[Supplied data Boundary: Start]
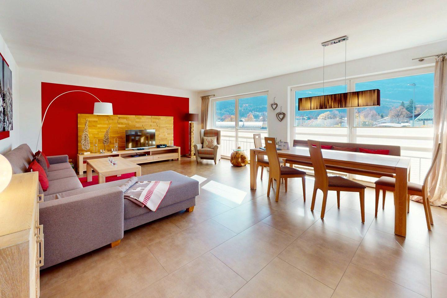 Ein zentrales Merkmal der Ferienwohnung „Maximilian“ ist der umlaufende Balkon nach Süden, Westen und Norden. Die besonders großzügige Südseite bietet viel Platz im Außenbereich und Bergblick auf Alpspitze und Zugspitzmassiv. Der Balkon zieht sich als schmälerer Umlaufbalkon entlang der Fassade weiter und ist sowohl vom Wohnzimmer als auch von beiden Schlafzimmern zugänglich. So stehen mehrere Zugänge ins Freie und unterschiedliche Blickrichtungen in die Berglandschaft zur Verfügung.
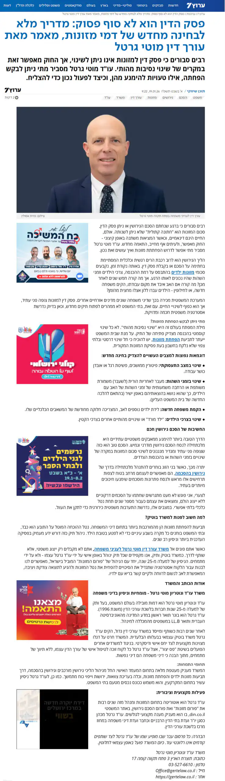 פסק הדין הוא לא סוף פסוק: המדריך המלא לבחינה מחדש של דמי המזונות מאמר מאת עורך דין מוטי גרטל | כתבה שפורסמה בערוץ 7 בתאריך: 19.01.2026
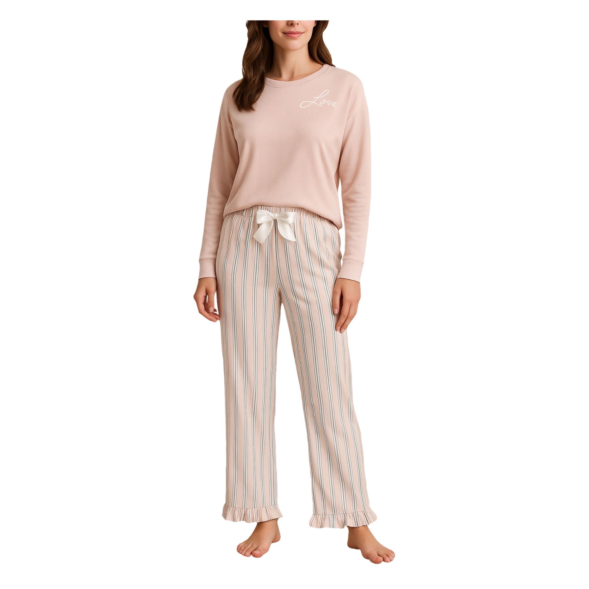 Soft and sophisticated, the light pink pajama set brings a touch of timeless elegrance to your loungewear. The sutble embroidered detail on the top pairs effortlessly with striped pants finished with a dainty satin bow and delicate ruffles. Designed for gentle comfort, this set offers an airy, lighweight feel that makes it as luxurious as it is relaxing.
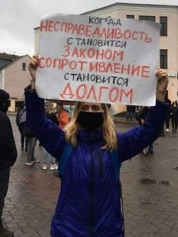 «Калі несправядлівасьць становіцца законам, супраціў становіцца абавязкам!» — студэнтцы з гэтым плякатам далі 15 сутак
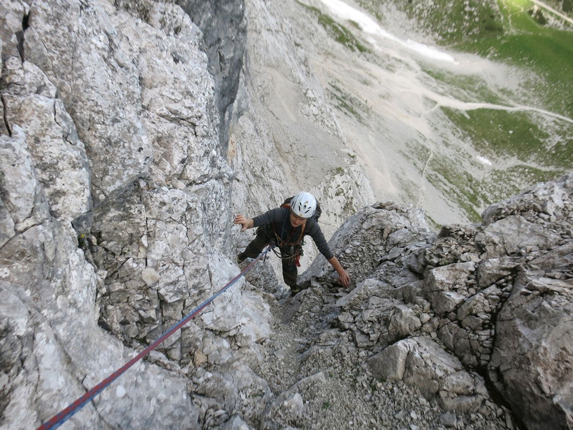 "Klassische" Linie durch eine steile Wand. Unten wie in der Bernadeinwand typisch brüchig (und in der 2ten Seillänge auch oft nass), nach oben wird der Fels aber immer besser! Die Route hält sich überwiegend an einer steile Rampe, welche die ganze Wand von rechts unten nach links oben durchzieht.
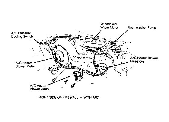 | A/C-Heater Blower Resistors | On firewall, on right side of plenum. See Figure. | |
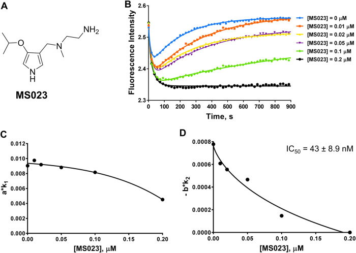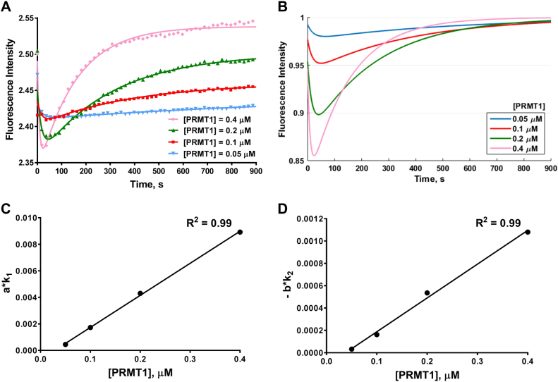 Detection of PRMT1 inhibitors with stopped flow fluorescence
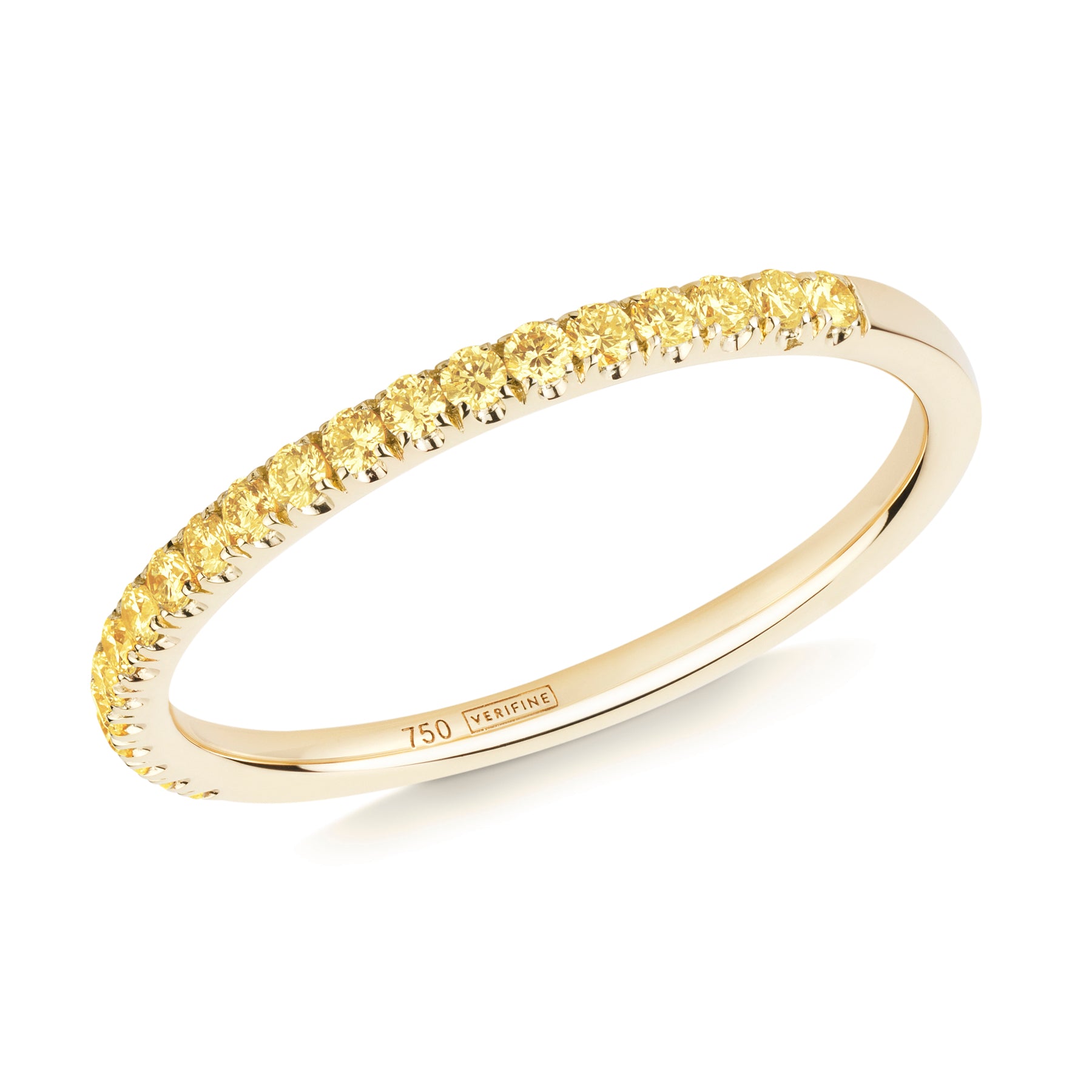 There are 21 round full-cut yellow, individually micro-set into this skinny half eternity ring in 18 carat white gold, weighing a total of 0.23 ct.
[Supplied data Boundary: End]
• _Description of the task_: Nothing but the lines from the line containing "плякатам далі 15 сутак" through the end of the records belongs in the answer, written out exactly, both ends included, without pictures.

• _Written reply_:
 «Калі несправядлівасьць становіцца законам, супраціў становіцца абавязкам!» — студэнтцы з гэтым плякатам далі 15 сутак
 "Klassische" Linie durch eine steile Wand. Unten wie in der Bernadeinwand typisch brüchig (und in der 2ten Seillänge auch oft nass), nach oben wird der Fels aber immer besser! Die Route hält sich überwiegend an einer steile Rampe, welche die ganze Wand von rechts unten nach links oben durchzieht.
 | A/C-Heater Blower Resistors | On firewall, on right side of plenum. See Figure. | |
 Detection of PRMT1 inhibitors with stopped flow fluorescence
 There are 21 round full-cut yellow, individually micro-set into this skinny half eternity ring in 18 carat white gold, weighing a total of 0.23 ct.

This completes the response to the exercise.